An ISOPHOT Image Of The Pre-Stellar Core L1689B


Credit: ESA/ISO, PHT, D. Ward-Thompson et al.
Taken from the ISO Science Results Gallery

The Following text was taken from the ESA/ISO Info Note 24.97:

The first infrared image ever obtained of a pre-stellar core shows the egg-like object from which a new star will form. It illustrates ISO's role in tracing the earliest stages of star formation. Pre-stellar cores are very cold and hidden by dust from all telescopes except those working with very short radio waves and long infrared waves. Within a core, gravity squeezes gas and dust towards the centre to make an embryonic star, but by the time other instruments can see anything, the star-making processes are far advanced. The object L1689B is judged to be on the very brink of collapsing under gravity, to begin to form a star.

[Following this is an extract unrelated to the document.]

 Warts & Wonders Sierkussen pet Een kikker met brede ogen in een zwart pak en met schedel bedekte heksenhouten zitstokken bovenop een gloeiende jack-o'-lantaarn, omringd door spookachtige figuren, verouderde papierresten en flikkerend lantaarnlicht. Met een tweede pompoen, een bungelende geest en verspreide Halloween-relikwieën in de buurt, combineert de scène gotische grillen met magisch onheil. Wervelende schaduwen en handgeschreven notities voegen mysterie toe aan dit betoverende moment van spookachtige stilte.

Derek Ward-Thompson of the Royal Observatory Edinburgh (UK) with British and French colleagues detected L1689B and other objects by sub-millimetre radio observations, as small, dense features within a much larger cloud of gas and dust located in the constellation Ophiuchus. Scans by ISO's photometer ISOPHOT, at various wavelengths up to its limit of 200 microns, now give different impressions of L1689B and enable the astronomers to measure the temperature of the pre-stellar core at about minus 260 degrees C (13 K). The image is colour-coded for intensity, with the bright core in yellow-white.